Set down the lines below, exactly, starting at the one that contains "مزایده 6 دانگ" and stopping at the last line, inclusive. Omit pictures.

┌─ DATA SECTION

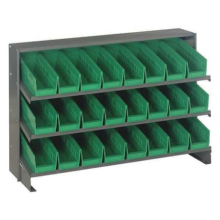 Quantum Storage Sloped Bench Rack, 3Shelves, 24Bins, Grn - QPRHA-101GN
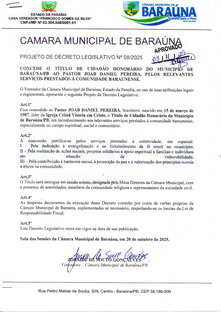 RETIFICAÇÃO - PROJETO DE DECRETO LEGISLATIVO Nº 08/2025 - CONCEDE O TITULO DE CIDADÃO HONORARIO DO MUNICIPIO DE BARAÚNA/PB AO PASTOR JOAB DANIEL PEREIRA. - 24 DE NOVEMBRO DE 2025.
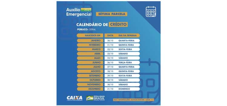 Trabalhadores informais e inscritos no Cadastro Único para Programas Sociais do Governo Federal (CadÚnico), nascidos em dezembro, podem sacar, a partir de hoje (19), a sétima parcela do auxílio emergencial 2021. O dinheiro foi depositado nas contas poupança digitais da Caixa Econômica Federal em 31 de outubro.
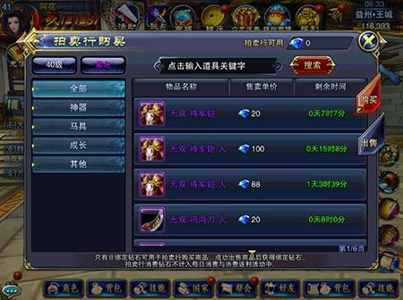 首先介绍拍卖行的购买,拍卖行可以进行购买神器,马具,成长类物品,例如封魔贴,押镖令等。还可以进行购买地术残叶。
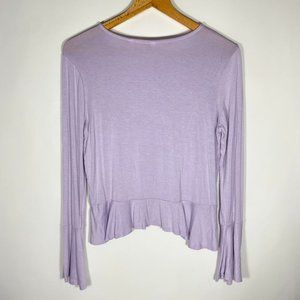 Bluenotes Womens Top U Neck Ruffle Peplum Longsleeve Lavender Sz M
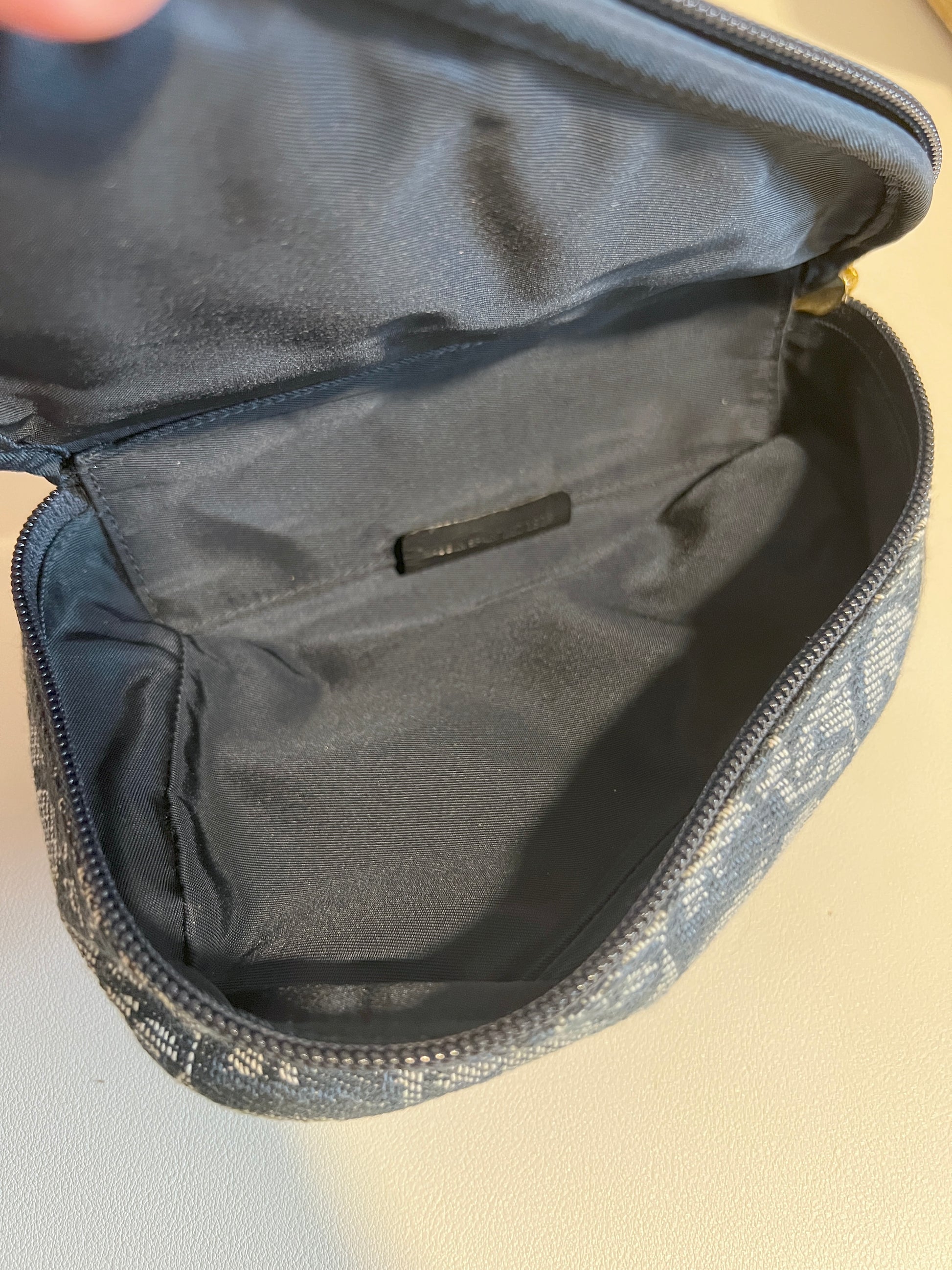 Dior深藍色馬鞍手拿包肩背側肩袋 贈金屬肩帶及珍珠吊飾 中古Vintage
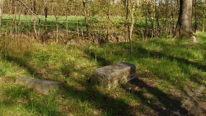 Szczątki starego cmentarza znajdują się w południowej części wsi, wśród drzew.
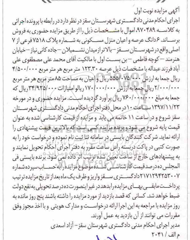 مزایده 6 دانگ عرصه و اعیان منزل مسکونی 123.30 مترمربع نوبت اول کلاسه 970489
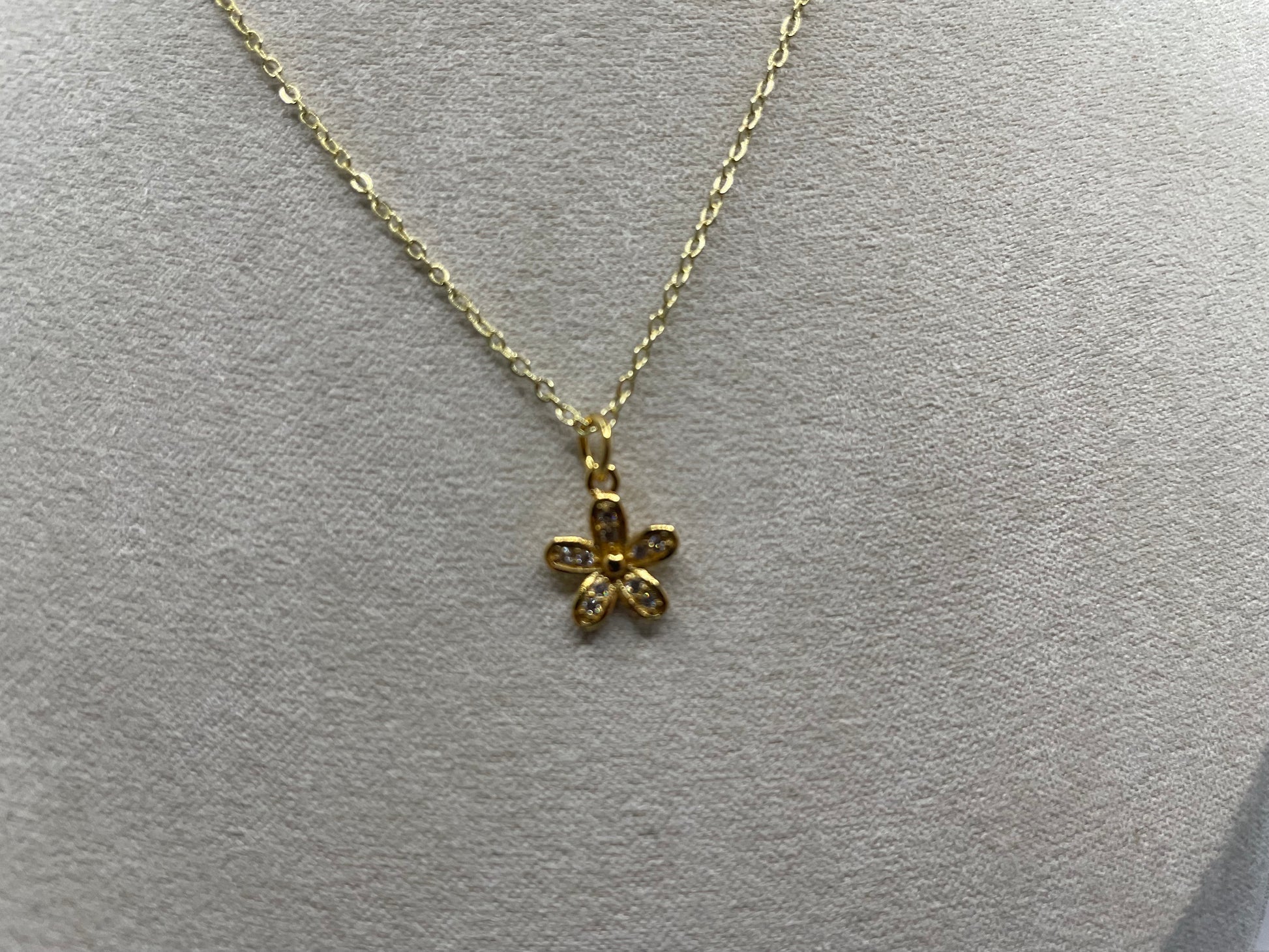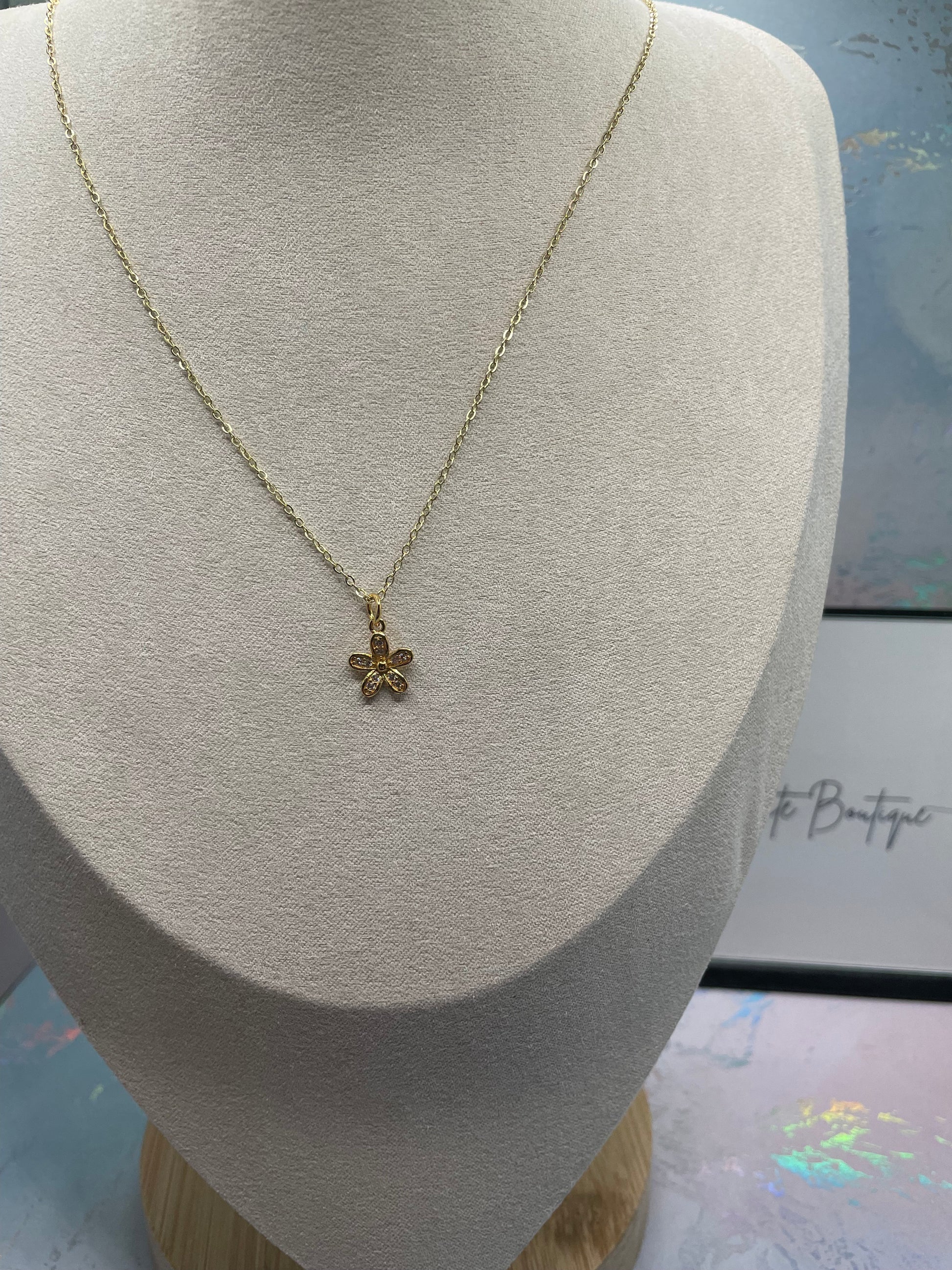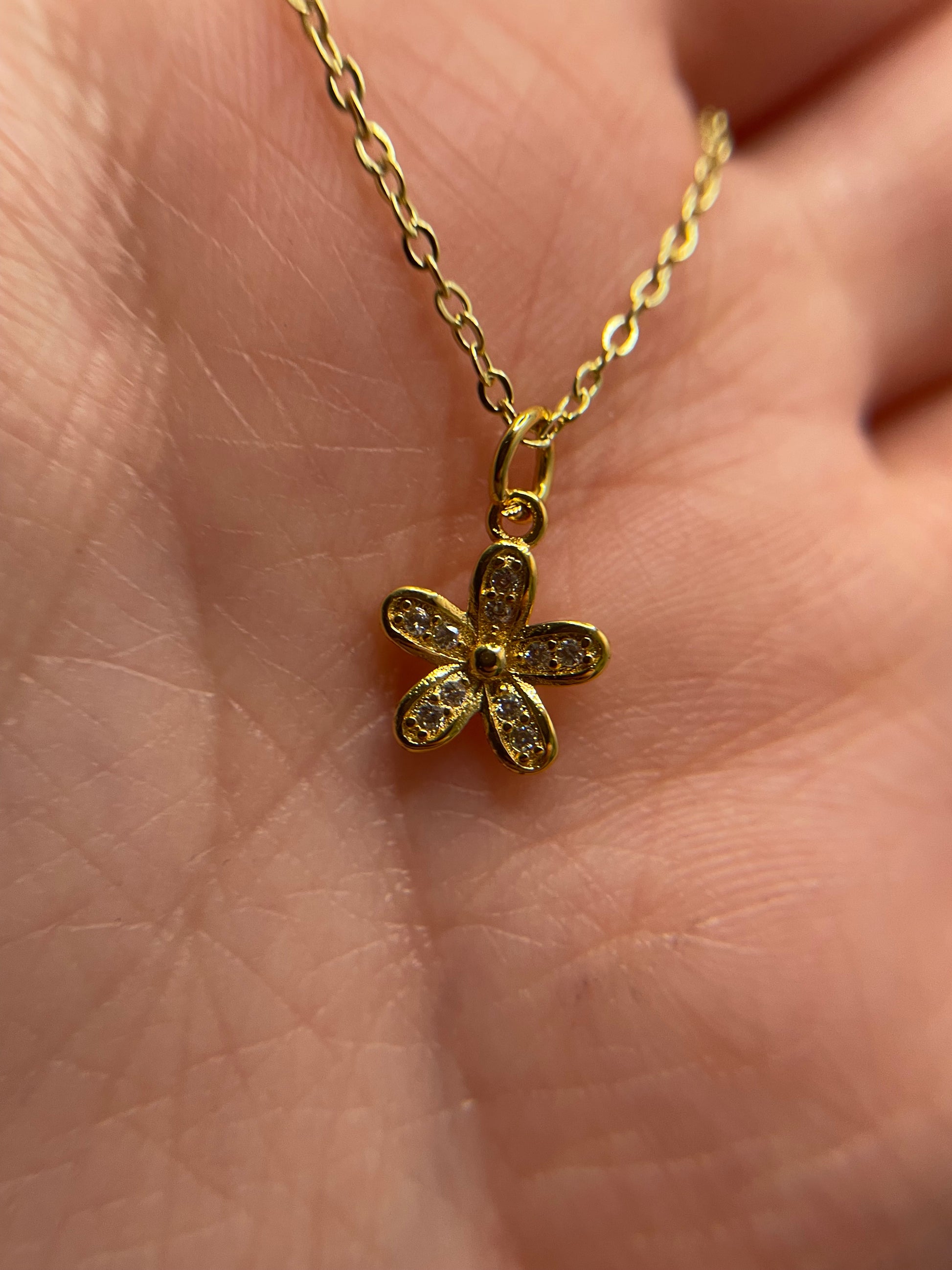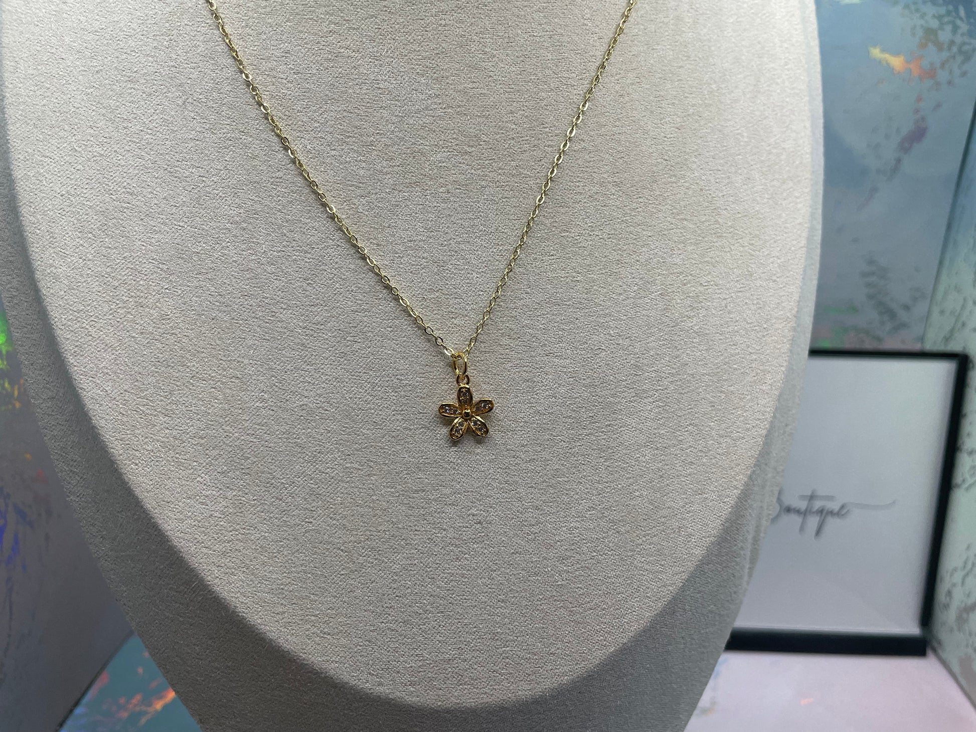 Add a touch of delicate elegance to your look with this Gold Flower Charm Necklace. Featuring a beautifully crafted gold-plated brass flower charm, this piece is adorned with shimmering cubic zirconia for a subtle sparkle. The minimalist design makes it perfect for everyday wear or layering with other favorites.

└─

**ANSWER TO THE PROBLEM:**
 مزایده 6 دانگ عرصه و اعیان منزل مسکونی 123.30 مترمربع نوبت اول کلاسه 970489
 Add a touch of delicate elegance to your look with this Gold Flower Charm Necklace. Featuring a beautifully crafted gold-plated brass flower charm, this piece is adorned with shimmering cubic zirconia for a subtle sparkle. The minimalist design makes it perfect for everyday wear or layering with other favorites.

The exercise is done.